In 2000, Joy went to jail for what would be the last time. “I fell to my knees and gave in and gave up to the will of my Father. I asked Him to drive my body, mind and life in the way He wanted me to go and that is just what He did. I listened to Him when He talked to me and followed what I was told to do, and today I am free from all that pain and suffering that had bound me. I now have a wonderful, fulfilling life, knowing the love of God.
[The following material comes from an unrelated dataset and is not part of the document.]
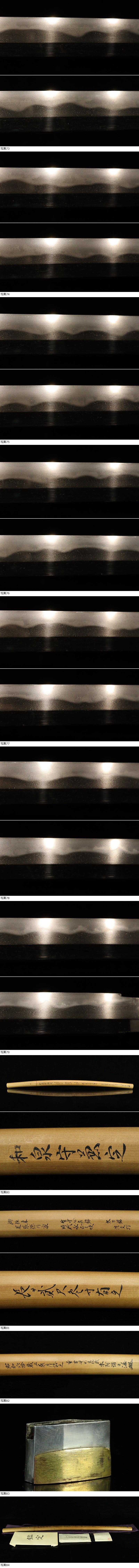| ■刀剣のサイズ表示について 元幅・・・焼出し付近を測定しております 先幅・・・横手筋付近を測定しております 元重ね・・・焼出し付近の厚みを測定しております 先重ね・・・横手付近の厚みを測定しております (多少の誤差はご容赦ねがいます) ■銃砲類のサイズ表示について 全長・・・銃身先から台木尻までを測定しております 銃身・・・台木を除いて金属部分を測定しております (多少の誤差はご容赦ねがいます) 当社が出品する刀剣類は、入手した時の状態のまま出品しております。 ハバキ、小道具等も当社で調整したり付け替えたりはしておりませんので、合わせではないかというクレームは一切受け付けません。 刀身の疵も隠すことなく載せておりますので写真をよくご覧になってご入札ください。 疵に関して、説明がない等のクレームは一切受け付けません。 写真ではわかりにくい部分は質問欄やお電話でお問い合わせください。 但し、説明欄に表記のない刃切れに関してのみ返品やご相談に応じます。 ※ご落札しご購入されお手元に届いてから20日以内に 登録証に記載されている各都道府県の教育委員会にご連絡し 登録証の所有者変更を必ず行ってください | |||

I have to give all the praise and glory to the Lord and God Almighty for bringing the Curttrights into my life!”
As Joy recounted her story to me over dinner that evening after the conference, I asked if she still kept in touch with Majors Jerry and Nancy. Many years had passed, and she didn’t know where they had been transferred after serving in Minneapolis. We were able to locate them, and learned they are now retired and living in Olathe, Kansas. Major Nancy told me on the phone how Joy “had become a tremendous inspiration to me of how to show Christ’s love in practical ways, without judgment or reproach.”
Joy is now a staff member with “Breaking Free,” a ministry that rescues prostituted women in Minneapolis. Joy shares these words about her relationship with Majors Jerry and Nancy: “Without people like the majors on this earth, the king of darkness will win. Thank you, God for sending me my angels. I love you, Mom and Dad! I will always love and remember who is my protector, friend and Father because of what you gave to me––unconditional love.”
Major Nancy Curttright writes, “I’ll never forget one of the things Joy said in the message she gave at our Women’s Camp: “I’m not ‘Joy, the former prostitute’; I’m ‘Joy, the child of God!’ Our greatest delight was and is the news of our Lake Street family leaving the haunts of sin and finding new life with a purpose!”